→ **TO DO**
Using the records that follow, reproduce exactly the lines starting at the line containing "Strike anchors are" and ending at the line containing "ÆøµîÇÏ´Â ÀÇ·áºñ, ȯÀÚ°¡ ºÀÀÎ". Include both end lines and no pictures.

→ **DATASET RECORDS**

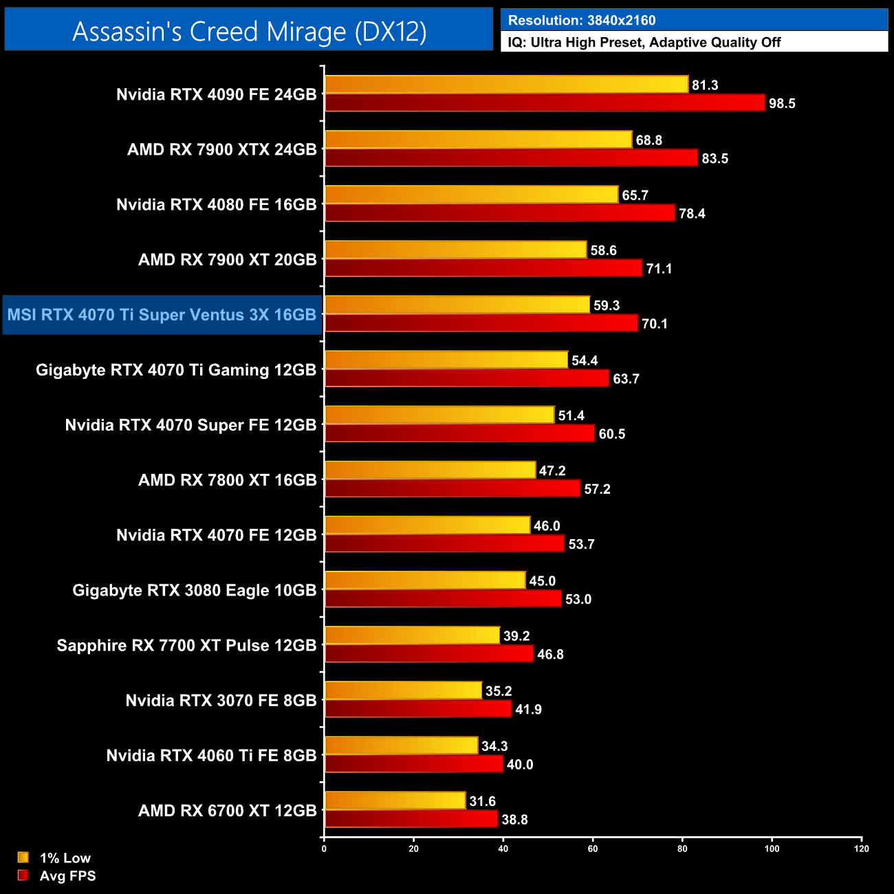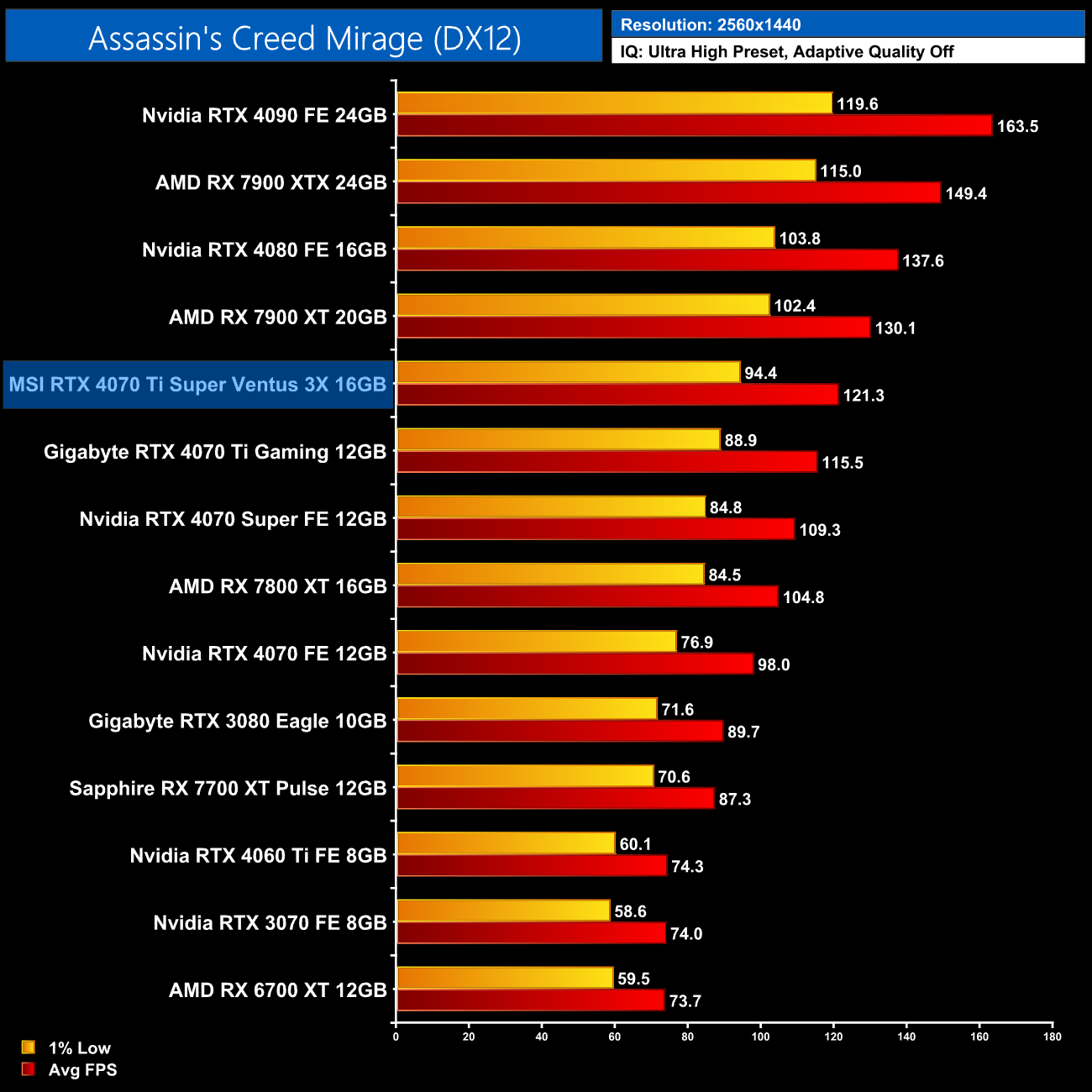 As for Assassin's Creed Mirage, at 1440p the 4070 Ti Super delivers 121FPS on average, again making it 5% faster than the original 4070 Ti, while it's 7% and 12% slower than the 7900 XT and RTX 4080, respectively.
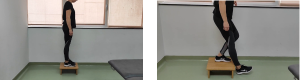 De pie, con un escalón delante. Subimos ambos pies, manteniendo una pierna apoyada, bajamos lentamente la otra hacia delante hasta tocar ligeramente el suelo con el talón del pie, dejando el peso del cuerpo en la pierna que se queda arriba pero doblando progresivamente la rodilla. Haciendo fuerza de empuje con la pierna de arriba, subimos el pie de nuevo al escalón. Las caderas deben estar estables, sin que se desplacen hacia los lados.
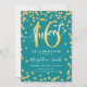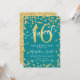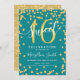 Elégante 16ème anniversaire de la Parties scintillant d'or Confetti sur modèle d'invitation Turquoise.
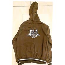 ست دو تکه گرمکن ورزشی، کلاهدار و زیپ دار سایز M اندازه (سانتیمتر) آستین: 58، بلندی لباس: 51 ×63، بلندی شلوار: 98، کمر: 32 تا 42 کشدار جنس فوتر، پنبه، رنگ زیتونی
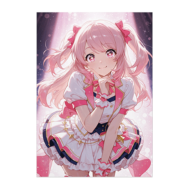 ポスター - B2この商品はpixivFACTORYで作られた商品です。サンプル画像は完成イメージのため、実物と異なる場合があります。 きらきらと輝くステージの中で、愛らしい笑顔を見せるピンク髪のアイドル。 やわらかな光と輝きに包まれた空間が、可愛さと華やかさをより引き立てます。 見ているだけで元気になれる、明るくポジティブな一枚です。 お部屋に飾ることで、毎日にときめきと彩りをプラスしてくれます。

---

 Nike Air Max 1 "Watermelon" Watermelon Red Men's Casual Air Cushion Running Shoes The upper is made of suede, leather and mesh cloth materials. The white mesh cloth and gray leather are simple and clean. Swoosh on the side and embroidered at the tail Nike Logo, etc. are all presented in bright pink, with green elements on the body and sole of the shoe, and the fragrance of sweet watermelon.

--

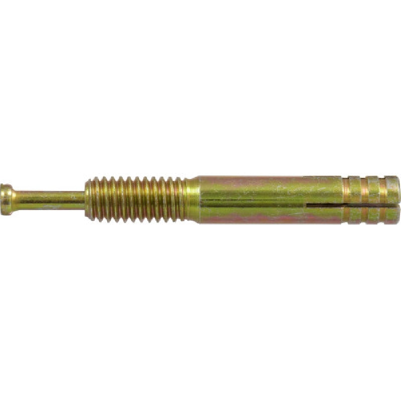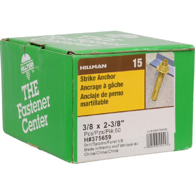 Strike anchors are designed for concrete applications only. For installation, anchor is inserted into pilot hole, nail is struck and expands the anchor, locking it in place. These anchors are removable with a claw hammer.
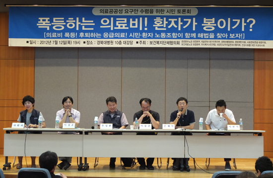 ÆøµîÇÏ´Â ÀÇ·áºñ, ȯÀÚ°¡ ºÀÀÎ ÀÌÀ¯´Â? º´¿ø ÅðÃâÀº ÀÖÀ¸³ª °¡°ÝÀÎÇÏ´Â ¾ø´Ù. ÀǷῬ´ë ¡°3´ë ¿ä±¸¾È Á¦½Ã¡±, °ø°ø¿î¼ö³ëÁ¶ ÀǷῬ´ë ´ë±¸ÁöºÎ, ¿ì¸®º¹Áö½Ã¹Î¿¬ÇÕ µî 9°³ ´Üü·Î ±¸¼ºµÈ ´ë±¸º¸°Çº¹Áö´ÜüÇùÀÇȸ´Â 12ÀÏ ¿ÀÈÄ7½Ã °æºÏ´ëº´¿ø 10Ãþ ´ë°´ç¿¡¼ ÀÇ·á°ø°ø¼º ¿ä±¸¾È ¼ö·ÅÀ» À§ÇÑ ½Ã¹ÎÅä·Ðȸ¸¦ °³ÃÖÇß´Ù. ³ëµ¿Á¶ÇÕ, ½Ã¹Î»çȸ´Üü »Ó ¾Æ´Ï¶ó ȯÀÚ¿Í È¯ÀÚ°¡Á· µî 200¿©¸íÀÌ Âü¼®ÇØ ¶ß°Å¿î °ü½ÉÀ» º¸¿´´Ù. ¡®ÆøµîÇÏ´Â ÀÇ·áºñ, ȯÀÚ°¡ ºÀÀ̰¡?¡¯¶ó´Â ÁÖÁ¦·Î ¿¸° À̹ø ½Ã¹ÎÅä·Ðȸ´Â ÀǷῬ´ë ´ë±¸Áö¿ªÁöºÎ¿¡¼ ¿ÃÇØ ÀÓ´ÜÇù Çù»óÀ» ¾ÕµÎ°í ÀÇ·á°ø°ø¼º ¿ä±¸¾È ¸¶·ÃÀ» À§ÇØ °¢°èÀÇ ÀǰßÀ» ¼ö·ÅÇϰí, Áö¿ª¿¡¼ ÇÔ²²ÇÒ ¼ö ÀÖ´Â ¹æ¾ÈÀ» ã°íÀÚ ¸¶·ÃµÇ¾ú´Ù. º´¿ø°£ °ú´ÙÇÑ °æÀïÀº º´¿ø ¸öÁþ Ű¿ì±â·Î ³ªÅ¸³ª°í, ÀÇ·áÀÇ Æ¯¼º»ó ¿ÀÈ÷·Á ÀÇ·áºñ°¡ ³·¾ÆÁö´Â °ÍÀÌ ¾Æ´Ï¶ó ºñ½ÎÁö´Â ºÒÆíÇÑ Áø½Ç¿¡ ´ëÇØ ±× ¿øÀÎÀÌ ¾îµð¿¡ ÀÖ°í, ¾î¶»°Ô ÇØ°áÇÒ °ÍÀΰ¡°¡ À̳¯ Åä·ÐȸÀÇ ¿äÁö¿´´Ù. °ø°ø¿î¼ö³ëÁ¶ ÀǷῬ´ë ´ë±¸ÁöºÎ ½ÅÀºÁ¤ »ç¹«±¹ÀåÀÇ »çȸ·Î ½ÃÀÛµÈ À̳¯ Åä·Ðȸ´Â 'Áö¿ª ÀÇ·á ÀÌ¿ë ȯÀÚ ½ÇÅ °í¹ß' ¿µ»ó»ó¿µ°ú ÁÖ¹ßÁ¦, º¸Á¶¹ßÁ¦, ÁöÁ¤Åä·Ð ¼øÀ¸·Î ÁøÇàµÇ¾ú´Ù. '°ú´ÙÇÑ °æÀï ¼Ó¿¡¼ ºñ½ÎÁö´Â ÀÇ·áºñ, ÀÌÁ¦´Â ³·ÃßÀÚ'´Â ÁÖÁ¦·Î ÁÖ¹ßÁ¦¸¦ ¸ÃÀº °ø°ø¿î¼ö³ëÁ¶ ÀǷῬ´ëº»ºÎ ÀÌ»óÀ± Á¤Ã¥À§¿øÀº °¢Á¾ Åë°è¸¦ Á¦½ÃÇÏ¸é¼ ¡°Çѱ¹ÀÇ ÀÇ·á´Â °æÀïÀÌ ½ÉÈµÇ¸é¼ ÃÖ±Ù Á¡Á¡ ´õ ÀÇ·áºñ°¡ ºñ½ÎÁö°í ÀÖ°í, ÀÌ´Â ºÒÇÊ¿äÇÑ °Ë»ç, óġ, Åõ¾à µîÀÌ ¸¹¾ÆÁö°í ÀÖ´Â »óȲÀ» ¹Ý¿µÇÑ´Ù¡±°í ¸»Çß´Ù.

→ **RESULT**
 Strike anchors are designed for concrete applications only. For installation, anchor is inserted into pilot hole, nail is struck and expands the anchor, locking it in place. These anchors are removable with a claw hammer.
 ÆøµîÇÏ´Â ÀÇ·áºñ, ȯÀÚ°¡ ºÀÀÎ ÀÌÀ¯´Â? º´¿ø ÅðÃâÀº ÀÖÀ¸³ª °¡°ÝÀÎÇÏ´Â ¾ø´Ù. ÀǷῬ´ë ¡°3´ë ¿ä±¸¾È Á¦½Ã¡±, °ø°ø¿î¼ö³ëÁ¶ ÀǷῬ´ë ´ë±¸ÁöºÎ, ¿ì¸®º¹Áö½Ã¹Î¿¬ÇÕ µî 9°³ ´Üü·Î ±¸¼ºµÈ ´ë±¸º¸°Çº¹Áö´ÜüÇùÀÇȸ´Â 12ÀÏ ¿ÀÈÄ7½Ã °æºÏ´ëº´¿ø 10Ãþ ´ë°´ç¿¡¼ ÀÇ·á°ø°ø¼º ¿ä±¸¾È ¼ö·ÅÀ» À§ÇÑ ½Ã¹ÎÅä·Ðȸ¸¦ °³ÃÖÇß´Ù. ³ëµ¿Á¶ÇÕ, ½Ã¹Î»çȸ´Üü »Ó ¾Æ´Ï¶ó ȯÀÚ¿Í È¯ÀÚ°¡Á· µî 200¿©¸íÀÌ Âü¼®ÇØ ¶ß°Å¿î °ü½ÉÀ» º¸¿´´Ù. ¡®ÆøµîÇÏ´Â ÀÇ·áºñ, ȯÀÚ°¡ ºÀÀ̰¡?¡¯¶ó´Â ÁÖÁ¦·Î ¿¸° À̹ø ½Ã¹ÎÅä·Ðȸ´Â ÀǷῬ´ë ´ë±¸Áö¿ªÁöºÎ¿¡¼ ¿ÃÇØ ÀÓ´ÜÇù Çù»óÀ» ¾ÕµÎ°í ÀÇ·á°ø°ø¼º ¿ä±¸¾È ¸¶·ÃÀ» À§ÇØ °¢°èÀÇ ÀǰßÀ» ¼ö·ÅÇϰí, Áö¿ª¿¡¼ ÇÔ²²ÇÒ ¼ö ÀÖ´Â ¹æ¾ÈÀ» ã°íÀÚ ¸¶·ÃµÇ¾ú´Ù. º´¿ø°£ °ú´ÙÇÑ °æÀïÀº º´¿ø ¸öÁþ Ű¿ì±â·Î ³ªÅ¸³ª°í, ÀÇ·áÀÇ Æ¯¼º»ó ¿ÀÈ÷·Á ÀÇ·áºñ°¡ ³·¾ÆÁö´Â °ÍÀÌ ¾Æ´Ï¶ó ºñ½ÎÁö´Â ºÒÆíÇÑ Áø½Ç¿¡ ´ëÇØ ±× ¿øÀÎÀÌ ¾îµð¿¡ ÀÖ°í, ¾î¶»°Ô ÇØ°áÇÒ °ÍÀΰ¡°¡ À̳¯ Åä·ÐȸÀÇ ¿äÁö¿´´Ù. °ø°ø¿î¼ö³ëÁ¶ ÀǷῬ´ë ´ë±¸ÁöºÎ ½ÅÀºÁ¤ »ç¹«±¹ÀåÀÇ »çȸ·Î ½ÃÀÛµÈ À̳¯ Åä·Ðȸ´Â 'Áö¿ª ÀÇ·á ÀÌ¿ë ȯÀÚ ½ÇÅ °í¹ß' ¿µ»ó»ó¿µ°ú ÁÖ¹ßÁ¦, º¸Á¶¹ßÁ¦, ÁöÁ¤Åä·Ð ¼øÀ¸·Î ÁøÇàµÇ¾ú´Ù. '°ú´ÙÇÑ °æÀï ¼Ó¿¡¼ ºñ½ÎÁö´Â ÀÇ·áºñ, ÀÌÁ¦´Â ³·ÃßÀÚ'´Â ÁÖÁ¦·Î ÁÖ¹ßÁ¦¸¦ ¸ÃÀº °ø°ø¿î¼ö³ëÁ¶ ÀǷῬ´ëº»ºÎ ÀÌ»óÀ± Á¤Ã¥À§¿øÀº °¢Á¾ Åë°è¸¦ Á¦½ÃÇÏ¸é¼ ¡°Çѱ¹ÀÇ ÀÇ·á´Â °æÀïÀÌ ½ÉÈµÇ¸é¼ ÃÖ±Ù Á¡Á¡ ´õ ÀÇ·áºñ°¡ ºñ½ÎÁö°í ÀÖ°í, ÀÌ´Â ºÒÇÊ¿äÇÑ °Ë»ç, óġ, Åõ¾à µîÀÌ ¸¹¾ÆÁö°í ÀÖ´Â »óȲÀ» ¹Ý¿µÇÑ´Ù¡±°í ¸»Çß´Ù.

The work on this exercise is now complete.